Saturday, July 05, 2003

meow

I'm really not a cat person... that said I'm quite enjoying having Benny about, except for the fur that is getting everywhere (happily there are no carpets in the part of the house he's allowed in) he's really driving home how unfair it would be for me to have a dog though. Cats are supposed to be all independent, and yet he makes it very clear that he doesn't like being left alone, a dog would go out of its mind here *sigh* must find a job that lets me work from home...

Friday, July 04, 2003

Friday again

how did that happen? where did my week go?

I suspect that an unexpected jaunt on Wednesday night is responsible for this - Lora (a good friend of mine who moved away to University a couple of years ago) turned up out of the blue (as is her wont) and announced that we were going out to celebrate her birthday ("I'm 20, that's so old" - now I know how other people feel when I moan about being the ripe old age of 25!)

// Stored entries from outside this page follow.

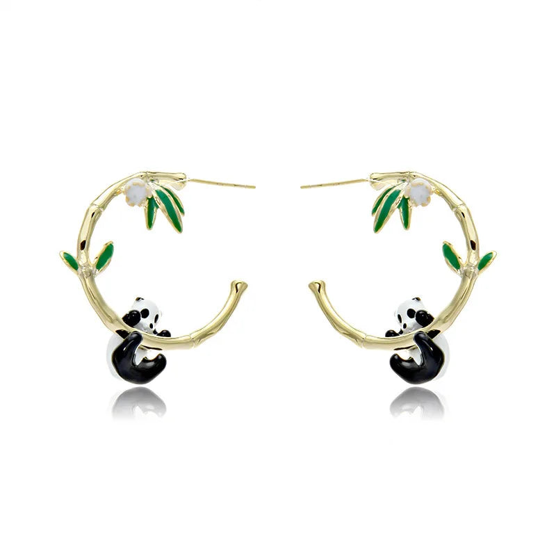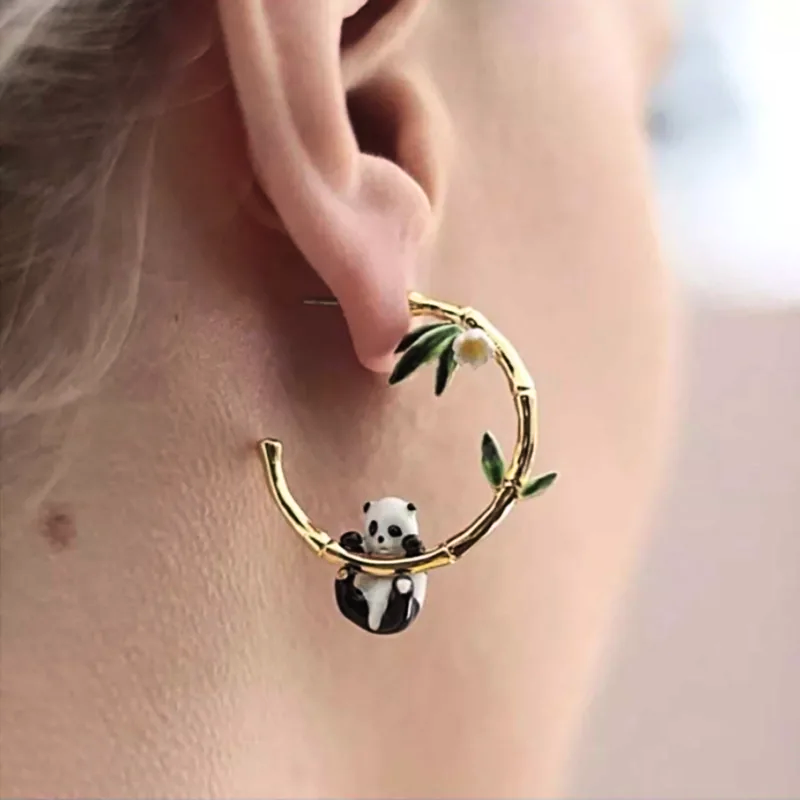 Crafted with the precision of a master jeweler and the imagination of a daydreaming artist, each earring features a gleaming crescent moon cradling an adorable panda amidst a sprig of lush bamboo. It's like having your own personal slice of a magical forest, right there on your earlobe!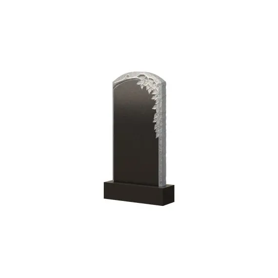 Форма этого памятника состоит из прямых боковых сторон с шероховатой поверхностью и дугообразной верхушки, где и заключается все основное оформление. Оно представляет из себя витиеватую ветвь дерева, с которой свисают листья и украшают центральную часть, а также правый край мемориального изделия. Таким образом, надгробный памятник приобретает природную тематику и тем самым становится способным идеально вписаться в траурную атмосферу сакрального места. Стоит отметить, что с помощью этого надгробия вы сможете представить покойного, как личность, которую все любили и уважали на протяжении всего жизненного пути.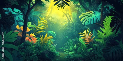 © NArts, Obraz premium Lush green foliage in a brightly illuminated tropical rainforest scene

celebrations included a fantastic Mexican meal (paid for by Lora's incredibly lovely parents) and copious quanties of alcohol, most of which was in the form of tequilla which is an evil substance that makes patricks very drunk indeed...

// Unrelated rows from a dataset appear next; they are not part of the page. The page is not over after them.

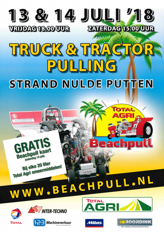 Total Agri is hoofdsponsor van de Total Agri Beachpull – één van de grootste tractorpulling evenementen in Nederland te Putten. Dit jaar is dat op 14 juli. Bij aankoop van elke 20 liter smeermiddel mogen wij een vrijkaart t.w.v. €24,50 weggeven (met een maximum van 10 kaarten). Bij aankoop van 60 liter krijgt u 3…
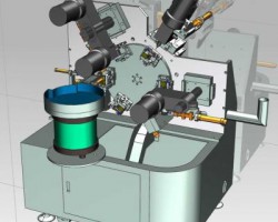 此设备是某电子零件自动钻孔机,采用立式转盘式结构设计,机构经典。自动送料自动输出机构。
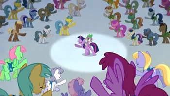 - Crowd Song: Notable as the first song in the series that isn't just sung by Pinkie Pie.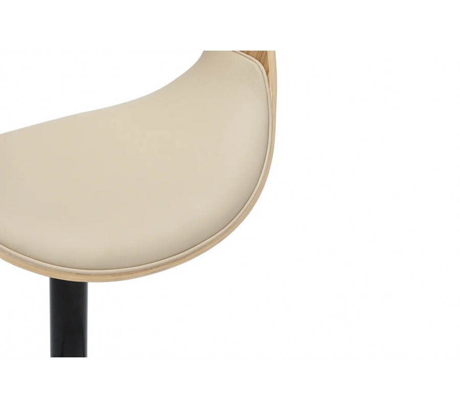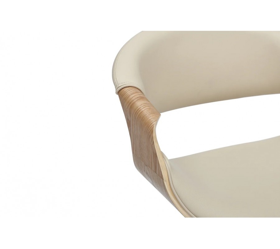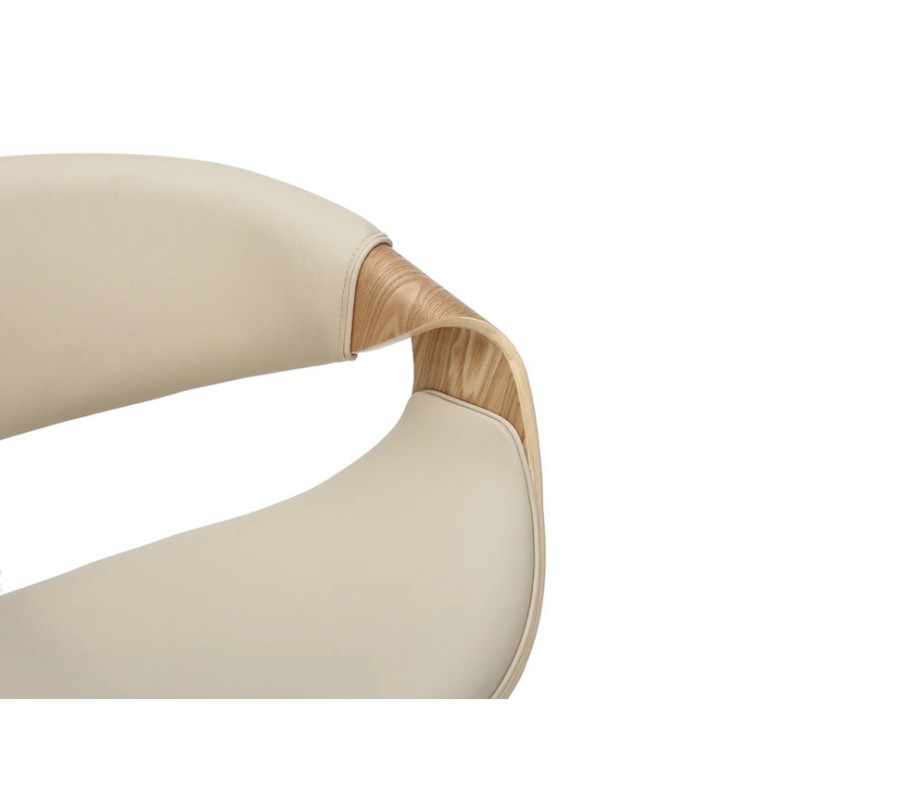 Na první pohled vás zaujme unikátně tvarované sedátko s konstrukcí z pravé dubové dýhy v přírodním světlém hnědém odstínu s tmavší kresbou letokruhů. Výrazně prohnutý rám sedáku je na stranách vytažen směrem nahoru, kde ve výrazném dynamickém ohybu plynule přechází do zádové opěrky. Ta je, stejně jako vrchní část sedáku, překryta čalouněním s potahem z ekokůže v krémovém béžovém odstínu. Tato kombinace dodává židli harmonický skandinávský vizuál.

anyway so now I find myself at another Friday afternoon with another weekend stretching invitingly before me - 'rah! Some of the weekend will be taken up with entertaining an unexpected guest: my friend Jane's cat... anyone reading this whose eyeballs didn't just pop out at the idea of me voluntarily allowing a cat into my house, can wait for the (impending) publication of the revised 'ideas' section of splateagle.com and see what I think about cats as a species since that's what's on my mind at the moment and will almost certainly be one of the first posts.

Oddly enough, Benny isn't driving me to distraction, in fact he's quite a welcome adition to the house so far, which I guess goes to show that the rule about prejudice and the individual (something you can also expect to see linked into the ideas section very soon)

Happy Friday all!

Tuesday, July 01, 2003

sunshine on a rainy day

It's been a pretty rotten day today, for starters the Fireman on our calander isn't a patch on Mr. June, and to be honest for the 1st of July it's been quite unacceptably miserable weather too. Happily though, just now on the way home (late, of course) the day redeemed itself, and I'm starting to think that just maybe July isn't so bad after all: let me paint you a word picture...

I'm driving (something I enjoy immensely even on the worst of days) through one of the prettier stretches of South Lanarkshire. The road is winding its usual way through the drizzle and cloud that have characterised today when the sun, on its way south for the night, peeps out from below the cloud-line illuminating the rolling green of the hills around me in that warm yellowy pink light that's usually reserved for implausable holiday brochure photographs and coffee commercials.

It's still gently raining and the wet world around me begins to shimmer under the setting sun, as my iPod begins playing the tentative opening strains of Lemon Jelly's Lovely Weather for Ducks (which if you haven't heard, you really should).

As the track gears up to full swing with its quirkily optimistic mixture of guitars, voice, synthesiser and chirpy precussion, the sun makes its way lower into the clear patch of sky and casts its light long over the landscape, as if making up for its conspicuous absence today with one spectacular appearance.

The faintly unreal quality of the stretched out evening light throws the hillsides into sharper than natural relief, picking out their detail to the point where I can almost see individual blades of grass on fields that are miles away. As I round the bend onto the approach road for my home village, and Lemon Jelly lift Ducks into its wonderfully silly closing trumpet crescendo, the sun (now behind me) adds the finishing touch to the show with a short but brilliantly couloured rainbow which arcs up beside the railway bridge and over the fields behind, glinting briefly in the windows of my house as I pull the car onto the driveway.

Some days it is unusually good to be home.